Lab 2.6: Configure LDAP with BIG-IQ using user groups


Estimated time to complete: 10 minutes

In this lab, we are going to configure LDAP on the BIG-IQ and create a user group, assign it to an existing role, then login with a user part of this group on the LDAP server.

Lab environment access

If you have not yet visited the page Getting Started, please do so.


  1. Login to BIG-IQ as david .
  2. Navigate to System > User Management > Auth provider. Click on Add to Create a new Authentication Provider:

Fill out the necessary fields following below table.

  • name: serverLdap
  • ip:port:
  • SSL: Disabled
  • Bind User Distinguished Name: cn=read-only-admin,dc=example,dc=com
  • Bind User Password: password
  • User Bind Template: uid={username},dc=example,dc=com
  • Root Distinguished Name: dc=example,dc=com
  • Group Search Filter: (&(objectClass=groupOfUniqueNames)(cn={searchterm}))
  • Group Membership Filter: (&(objectClass=groupOfUniqueNames)(uniqueMember=uid={username},dc=example,dc=com))
  • Users:

At the bottom of the page, test the LDAP configuration with this user:

  • Test User: newton
  • Test Password: password

Click on Test. The result should show success.
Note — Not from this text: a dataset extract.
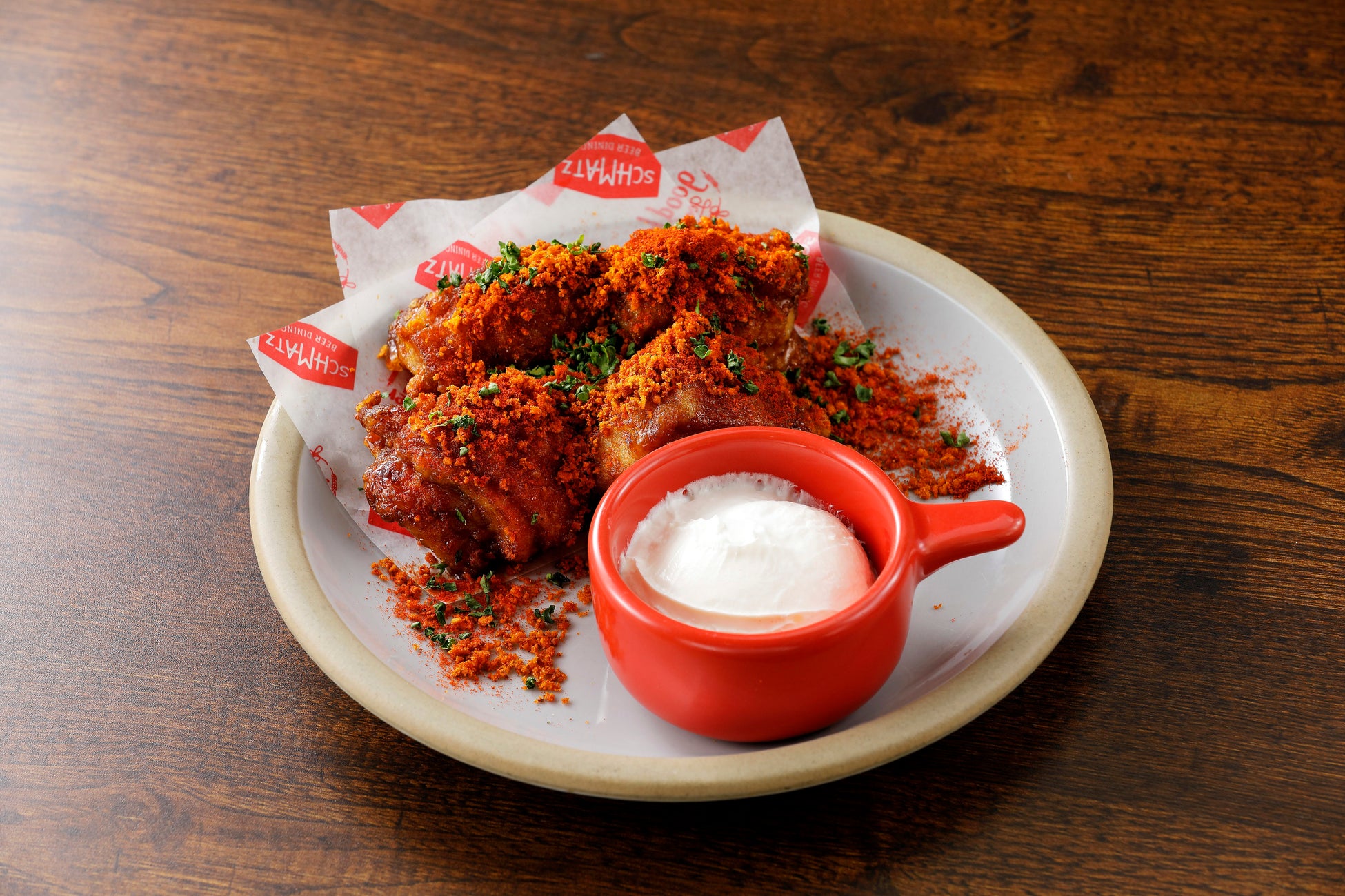 ビールに一日漬け込んだ柔らかなチキンに甘辛ダレを絡め、自家製HOTスパイスをトッピング。ビールとの相性は抜群!

Save the configuration. When seeing the SSL Warning message, click on Continue.

  1. Navigate to System > User Management > User Groups, click Add.

Select the previously created auth provider, enter * in the remove group filter and click on Search.

Select the group called scientists and assign the Administrator Role to this user group. Save.

  1. Before trying our new LDAP User Group, let’s quickly check the current list of users, navigate under System > User Management > Users.

Notice there are no LDAP users.

  1. Logout from david user, login using the newton, selecting serverLdap in the Auth Provider list. Password is password.
  1. You are now successfully authenticated as newton, navigate under System > User Management > Users to our newton user was automatically created on the BIG-IQ as belonging to the user group scientists.